PLI schedule for mobile phone manufacturing could start in FY22, Telecom News, ET Telecom


New Dlhi: Government plans to make FY22 the first year of production instead of FY21 for the production incentive program (PLI) for manufacturing mobile phones, senior government officials said . If approved, the move will bring relief to iPhone makers Foxconn and Wistron in addition to local brands Dixon, Lava and Micromax. Achieving year one PLI goals has become difficult due to pandemic brakes and global supply chain disruptions, among other geopolitical factors.

“With the second wave of Covid hitting the country, there is serious reflection on the matter as companies are really struggling to meet their targets,” one of the officials told ET.
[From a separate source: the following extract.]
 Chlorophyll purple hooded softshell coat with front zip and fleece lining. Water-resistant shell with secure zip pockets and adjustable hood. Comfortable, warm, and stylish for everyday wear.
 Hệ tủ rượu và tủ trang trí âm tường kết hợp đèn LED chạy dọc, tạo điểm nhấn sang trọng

A change in the schedule will mean manufacturers will have to post additional production worth Rs 4,000 crore in this fiscal year, instead of Rs 8,000 crore in the second year. They will thus be able to benefit from maximum incentives of a value of 6% during the year, according to the experts.

The ambitious Rs41,000 crore PLI program – which involves incentives in the form of cash payments based on investments and targeted increases in production – aims to make India a more attractive manufacturing destination and move companies away from bases such as China and Vietnam. The Center seeks to make the country a global manufacturing hub with a goal of exporting phones worth $ 100 billion over the next five years.
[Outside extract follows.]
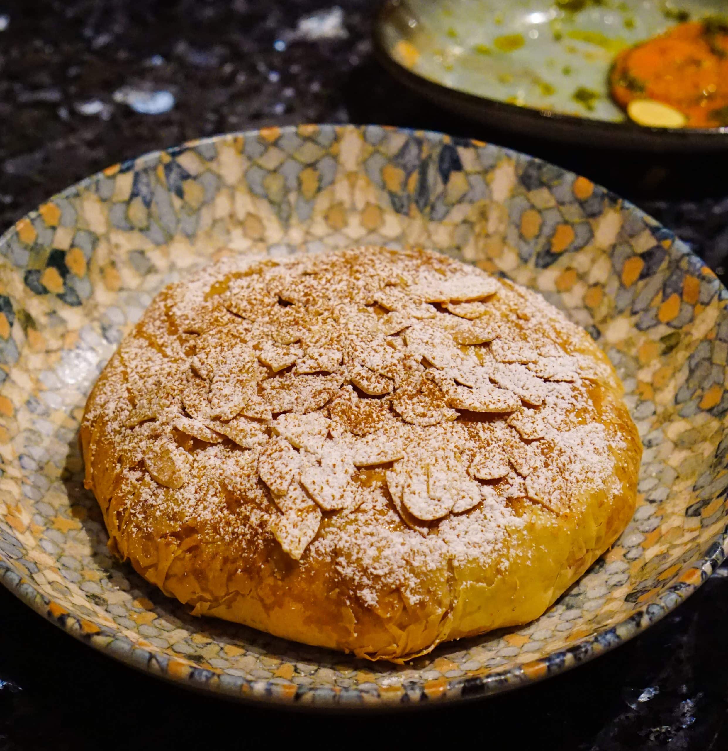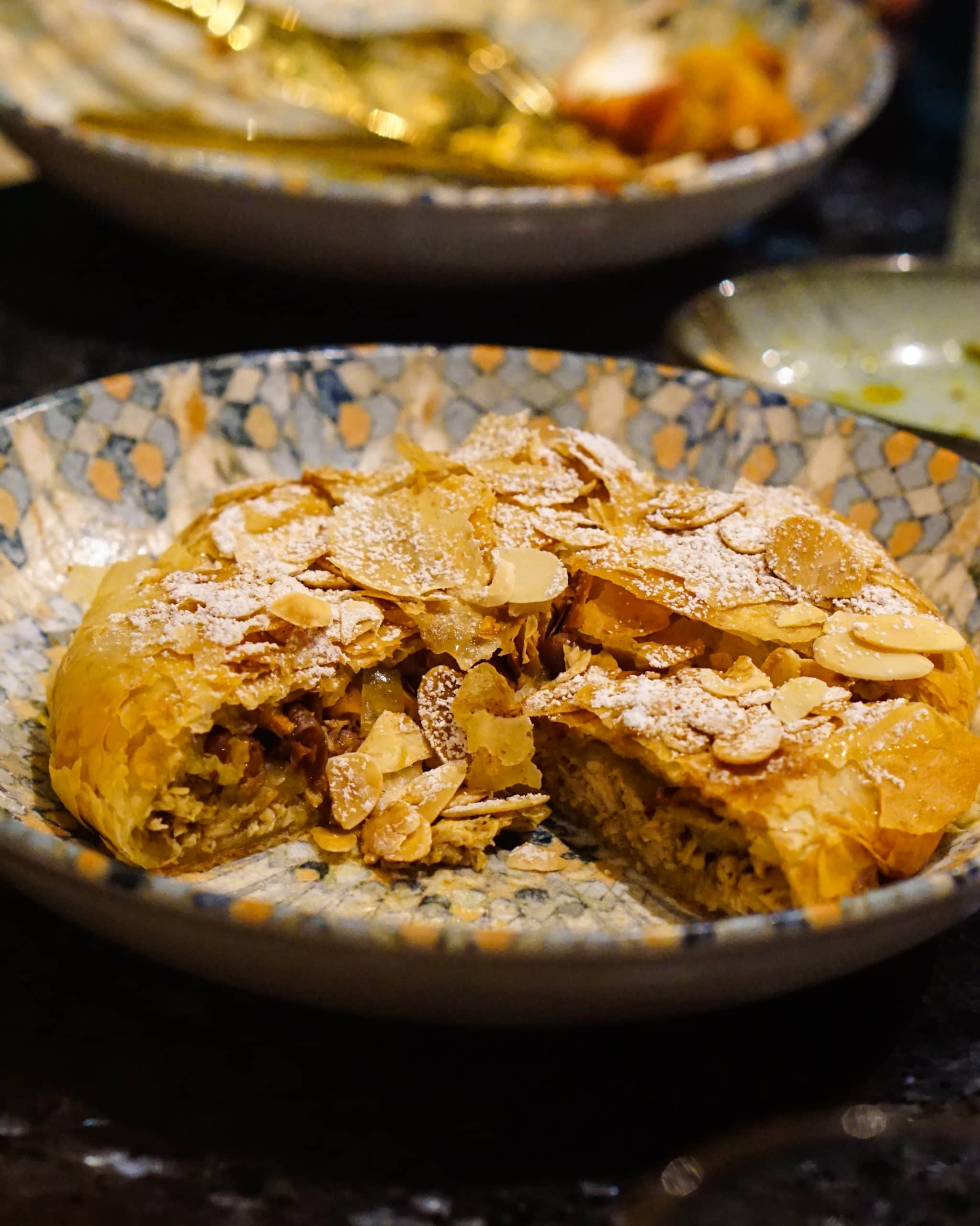 Moving to the mains, you’ve got to order at least one pastilla, a traditional savoury filo pastry pie stuffed with slow-cooked meats, spiced, dried fruits, and nuts. And no, it’s not a dessert, despite its powdered sugar-covered exterior.

“If this (change of schedule) materializes, it will have a multiple impact. It will send the right signals to all international investors that the government is there to support them in this time of pandemic, ”said Navkender Singh, research director at IDC. “In addition, you have to have a long-term vision on this subject. While the government does not lose much by pushing the one-year program, the industry gains significantly and (it) shows India as an investor-friendly destination.
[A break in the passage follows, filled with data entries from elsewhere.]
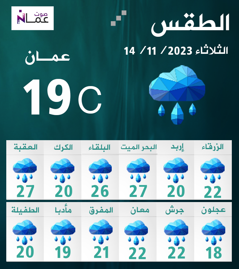 وتهطل باذن الله الأمطار بين الحين والآخر في شمال ووسط الأردن، وتمتد إلى أجزاء من المناطق الجنوبية والشرقية، قد تكون غزيرة لفترات محدودة خاصة في شمال ووسط المملكة بما فيها منطقة البحر الميت يصحبها الرعد وتساقط حبات البرد وتدريجيا مع ساعات الليل تضعف شدة هطول الأمطار، والرياح شمالية غربية معتدلة السرعة تنشط على فترات.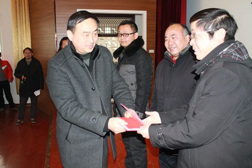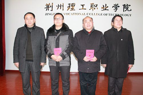 左起院长童应学 信息与智能工程系刘春春 基础课部梁树生 经济管理系何先华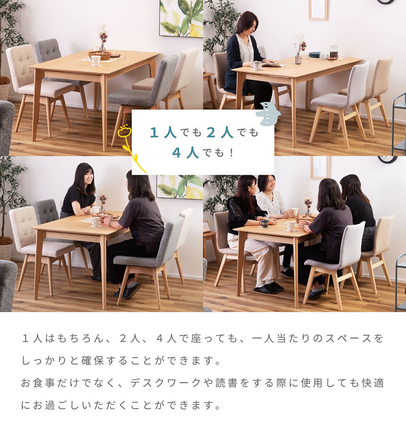 1人はもちろん、2人、4人で座っても、一人当たりのスペースをしっかりと確保することができます。

He added that it was important for the government to show its support for the plan, which is the government’s main PLI program, which has extended it to other sectors.

As reported by ET, Samsung is the only one of 16 companies to have achieved its FY21 target for smartphones. Unlike others, it didn’t have to ship plants and machinery to India and just needed to increase production at its existing facilities, industry executives said.

The nodal electronics and information technology ministry (MeitY) had opposed the industry demand, citing Samsung’s example of reaching its target. But due to the severe second wave of Covid, which has restricted manufacturing across the country, the government is now more inclined to accept the request. This will likely be brought to Cabinet shortly, a second official said.

The industry’s latest push came in a May 19 letter, which cited the second wave and the inability to vaccinate workers as the main reasons factories were not performing optimally. The India Cellular & Electronics Association (ICEA) appealed in a letter to the panel responding to the appeal regarding the postponement under clause 8.9 of the PLI guidelines in the event of force majeure.

“Karnataka, Tamil Nadu, Andhra Pradesh and Telangana are already under lockdown, and Uttar Pradesh is also under severe restrictions,” the lobby said, highlighting the borders in the five States where most LIP units are located. “Under these circumstances, even with optimistic estimates, no more than eight months will be available in the 2021-2022 fiscal year, and even that could reduce, to meet the second year PLI goals.”

There is nothing that companies applying for the LIP can do to help them return to even normal production levels, at least for the next two or three months, the ICEA said.

The association also pointed out that PLI programs in other sectors such as pharmaceuticals and food products announced in the past two months have taken into account the necessary flexibility in terms of timelines.

Under the combined PLI scheme, foreign companies had to invest Rs 250 crore each and produce additional production of Rs 4000 crore in the first year to obtain a direct incentive of 6% in the form of cashback. To get the same incentive, Indian handset makers had to invest Rs 50 crore each for Rs 500 crore of additional production. In the second, third, fourth and fifth years, manufacturers will be required to produce phones worth Rs 8,000 crore, Rs 15,000 crore, Rs 20,000 crore and Rs 25,000 crore compared to the production value for the year of base, which would significantly improve annual exports of telephone handsets to the existing $ 3 billion.